He reflects: “There are a lot of young black men who just have legal-aid lawyers who pick up their case an hour before. I am very grateful to have lawyers who were so alert in court and who had fully prepared my case.”

Asked whether he believes his race was a factor in the case going so far, he says: “I am not going to play it down. I see things in the news and certain people are framed more harshly. I remember people asking me what the colour the girl who accused me is. That’s evidence against you, in some people’s eyes. All the little things people say. They do that all the time. ‘He is an aggressive black man’. People meet me and see a different side; the things I do outside football, how I work with charities. You do get treated harsher.”

What did his parents say? “My dad said, ‘Tell me what happened’. I said, ‘There’s no chance, dad (that I would do it)’. My mum had no doubt. She didn’t even ask me, she knew her son.”

As he awaited a verdict, Lubala envisaged his possible fate. He asked his lawyers how many years he would spend in prison in the event of a guilty verdict.

“Obviously, the reputational damage would mean my life would be ruined in many ways,” he says. “But all those bits in between, where my child would grow up and the time I could lose with my daughter, were running through my mind. That was the scariest part. I was pretty calm, because my faith really kicked in. I am a Christian. It was written, whatever the outcome.

“In court, the wardens were very supportive to me. They were making sure I was OK. From the second or third day, I could feel a positive energy in the room. I remember how the jury members cannot give facial expressions during the trial. I saw two older white men on the jury, who had a straight face throughout. When I was talking, I looked into their eyes and just thought, ‘He doesn’t believe me’.

“Then I got the ‘Not guilty’ and saw them all smiling at me, one of the women (on the jury) looked like she was going to cry. The judge told me to get back on with my life. Even those I thought were not on my side, they were all smiling at me.

“It was unanimously not guilty within two hours. It must have been pretty clear to them.”

For almost two and a half years, Lubala’s freedom had remained in limbo.

For a while, his career continued uninterrupted — unlike, for example, the Everton footballer who is under police investigation for alleged child sex offences but has not been charged.

Manchester United’s Mason Greenwood is in a similar situation, having been arrested and interviewed by police after footage emerged on social media relating to a young woman this year. He too has not been charged.

In Lubala’s case, the police investigation did not become public and Crawley allowed him to continue to play for them. He scored 13 goals in 41 all-competitions appearances in his sole campaign for the club as they finished mid-table in that pandemic-curtailed season.

Then, on September 1, 2020, League One side Blackpool committed a six-figure fee, stated in court to be £300,000, to sign Lubala. This is where his personal and professional life began to collide.

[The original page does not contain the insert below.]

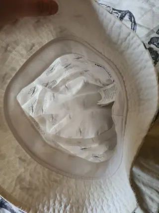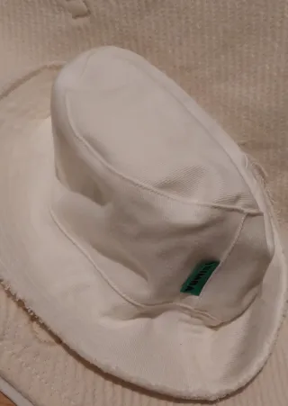 Gorro de pescador de la marca Bimba y Lola. - Color blanco. - Etiqueta verde con logo.
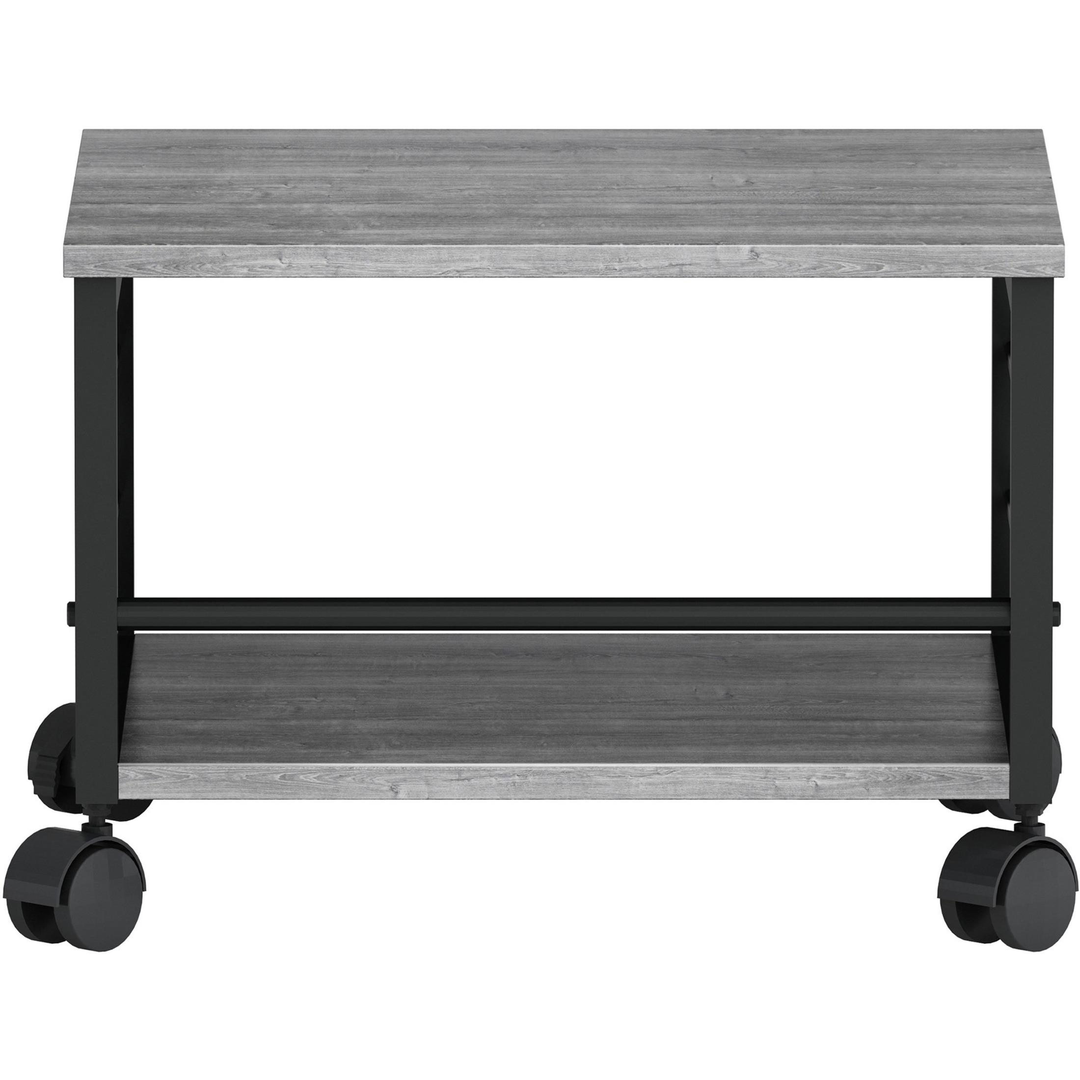 With durable steel and wire construction, versatile machine stand is sturdy enough to hold a printer, fax machine or personal copier. Two convenient openings let you route cords/cables and use them as a handle to pull stand from beneath worksurface. Easy-to-assemble, underdesk machine stand rolls easily on four twin-wheel casters (two locking).

After his not guilty verdict, Blackpool issued a club statement to say they had signed Lubala without any prior knowledge of the allegations he faced. They also added: “The club would like to make clear that it would not knowingly sign a footballer, nor employ any individual, who is subject to a police investigation of this gravity.”
 
In January this year, the court heard that Blackpool remained engaged in legal action against Crawley for the selling club’s alleged failure to disclose the claims. The Athletic now understands this matter has been settled.

Both Blackpool and Crawley declined to comment.

On November 23, 2020, Lubala received a letter in the post notifying him that he had been charged with rape and the case would go to trial.

Despite the charge, the case remained out of the public eye.

Neither Lubala nor his representatives initially informed Blackpool he had been charged. They have told The Athletic this was on legal advice from the lawyers working on his defence, who they say remained hopeful the case might collapse before any trial.

Almost four months after that notification of charge in the November, Blackpool were informed by Lubala’s agent about both the allegations and the charge for the first time. The Football Association imposed an interim suspension from football-related activity and Blackpool also suspended him for two weeks, before holding disciplinary hearings on March 29 and April 6 last year. These culminated in the club, by then in the Championship after promotion via the play-offs, sending a letter of termination to Lubala.

During the hearings, Blackpool considered whether Lubala’s alleged conduct risked bringing them and the sport at large into disrepute. Additionally, the club argued that the strain of the allegations had the potential to impact the player’s ability to perform as an athlete and this, they said, was reinforced by the fact his agent had organised counselling for Lubala via the Professional Footballers’ Association (PFA).

In a statement to The Athletic, Blackpool said: “The club considered the above matters (ie, bringing the club into disrepute). However, the club’s decision to terminate was based on the club’s position that Lubala had breached his duty of trust and confidence owed to the club, by failing to disclose the serious criminal allegations and, later, the criminal charge to the club. The club’s position was that Lubala’s concealment of this serious matter was dishonest, particularly given the specific nature of a player’s obligations to their employer (including the importance of a player’s ability to train and play for the club).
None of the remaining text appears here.